Page MenuHomePhabricator

Fewer results from wdqs nodes running in codfw than eqiad
Closed, ResolvedPublic

Description

Reported by User:Oravrattas via https://www.wikidata.org/wiki/Wikidata:Report_a_technical_problem/WDQS_and_Search#Fewer_results_from_wdqs20*_than_wdqs10*

Running a simple query for all historic Dutch Senators consistently returns different results from all wdqs10* servers, than from all wdqs20* servers.
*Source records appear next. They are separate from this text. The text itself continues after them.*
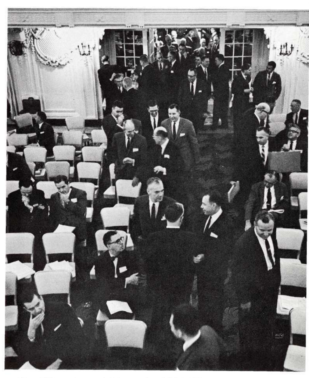
About 160 people attended the meeting, held in Chicago. Here partners begin to return for an afternoon session.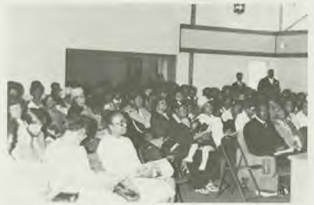
Jackson, Mississippi church opening services audience overwhelming.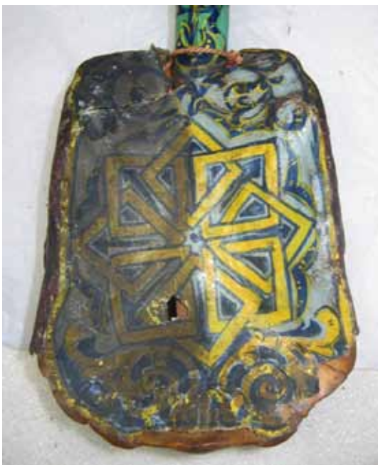
Fig. 7. Guinbri lute E.2274, Algeria, 19th century. Gift of Henri Cesbron in 1934, Musée de la musique. Dry cleaning of the painted surface of the lute.

This consists in learning how to safely handle these instruments. For example, gloves are mandatory to avoid contact between human hands and parts of the instrument covered with wood varnish or powder coating. The tension of the strings is checked so as to never store an instrument with excessively tight strings, which would necessarily lead to destructive stresses in these highly reactive materials that are skin, wood, and leather. The extent to which the strings are loosened depends on the required reduction in instrument fatigue. The various assembly modes, such as nesting, stapling, and connectors must also be correctly assessed prior to handling, thus making it possible to maintain all the moving elements of the instrument. For example, an instrument should never be handled solely by the handle, but also by the body.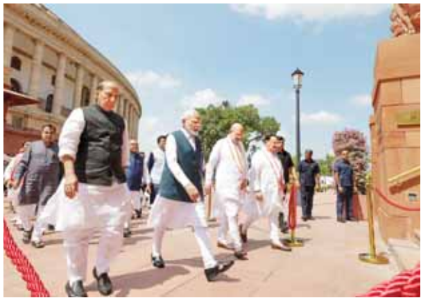
Prime Minister Narendra Modi, with Union Ministers Amit Shah and Rajnath Singh and other parliamentarians, enters the new Parliament building, in New Delhi, on Tuesday.

Marking a historical turn in the legislative empowerment of women in the country, the Modi Government also introduced a Constitution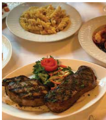
The delicious aged prime Bistecca alla griglia at Mulino's.

good burger and panini sandwiches are served at lunchtime.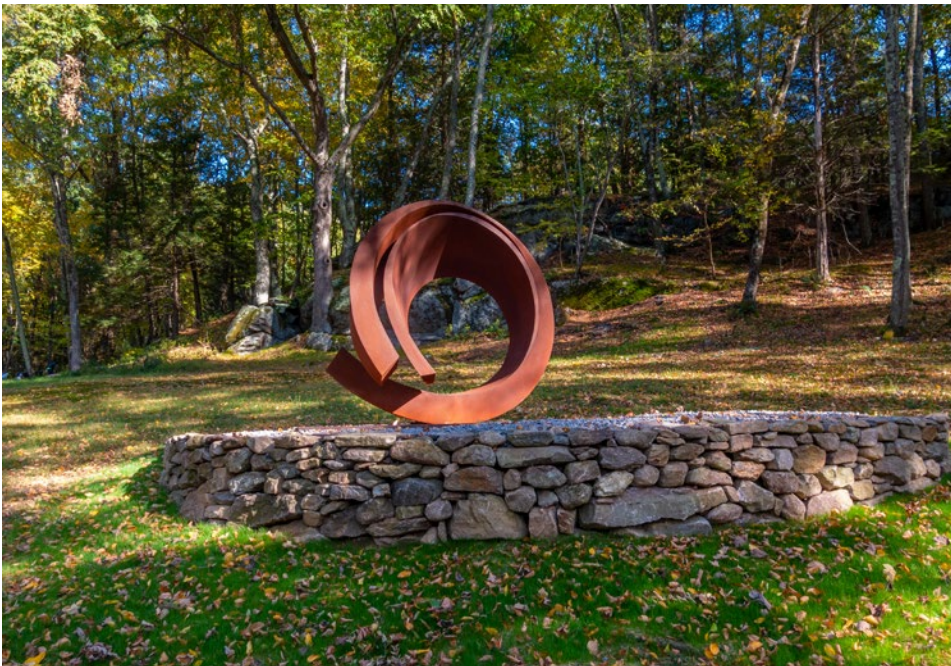
Clodia Medea , 2014-2018

Placed in an important private collection, United States

I've been noticing odd results from this for many months, but it was remarkably difficult to track down, because it turns out that any queries I run locally only ever go to wdqs10*; the only way I have been able to replicate the behaviour is to run the query via Github Actions, which hits both sets of servers.

https://github.com/tmtmtmtm/ghatest2 shows this in action: the query in holders.js (including a run-time-specific comment to bypass caching) produces the outputs in results/ (named after the server handling the request and the date/time)

The results are consistent across the servers in each cluster: today each wdqs10* server returns 1361 rows, whereas each wdqs20* only returns 1357. These differences are actually made up of 8 people not being returned at all from wdqs20* (e.g. Q2053506 and Q2770742), 4 people who get returned twice from wdqs20* but only once from wdqs10* (e.g. Q2257961 and Q3469514), and one person who gets the same P39 data returned from each set of servers, but with a different schema:dateModified on each: (Q1845502, last modified on 2022-05-05 in the wdqs10* results, but on 2022-04-15 in the wdqs20* results).

Event Timeline

Recording few findings: checked 3 examples and they both relate to edits happening around 2022-05-05T18:03:00:

These edits all share the same tags #quickstatements; #temporary_batch_1651767610540.

MPhamWMF moved this task from Incoming to Blazegraph on the Wikidata-Query-Service board.

For the past couple of days this has got significantly worse. Running the same script as before, wdqs10* are returning the expected 1360 results¹, but wdqs20* have degraded even more:

  • wdqs2003 and 2004 are four short, as before, with 1356
  • wdqs2009 is returning only 155
  • wdqs2010 is returning only 154
  • wdqs2012 is returning zero

Previously I was only experiencing this with a handful of queries; now it's widespread, making the query service close to unusable for me from Github Actions.


¹ In the previous report the numbers were one higher, as they included the header row. This time I'm only counting data rows.

Mentioned in SAL (#wikimedia-operations) [2023-01-26T07:25:17Z] <dcausse> T322869: depooling wdqs2009 wdqs2010 wdqs2011 wdqs2012 these hosts should not serve user traffic yet they don't have the database loaded

@Oravrattas thanks for the report, I've depooled these machines because these are new hosts that are not ready to serve user traffic yet (they have an empty/partially loaded database).

Note that we are trying to reload the full dataset from dumps, which would correct all those discrepancies. This can be tracked in T323096. We are running into multiple issues, the main one being that the Blazegraph journal gets corrupted during the import (see T263110). The only reasonable option we have at this time is to try again (and again) to import the dumps and hope that it eventually work. Obviously this isn't a long term solution and we need to come up with an alternative (probably either splitting the graph to work with more reasonable data sizes or move to a different RDF backend).

bking subscribed.

The WDQS data reload is complete (ref T323096 ). At this point, we believe codfw and eqiad should consistently output the same results for the same query. @Oravrattas are you able to re-run your query and confirm?

Thanks for your patience during this lengthy endeavour.

Gehel claimed this task.
Gehel closed subtask T323096: WDQS Data Reload as Resolved.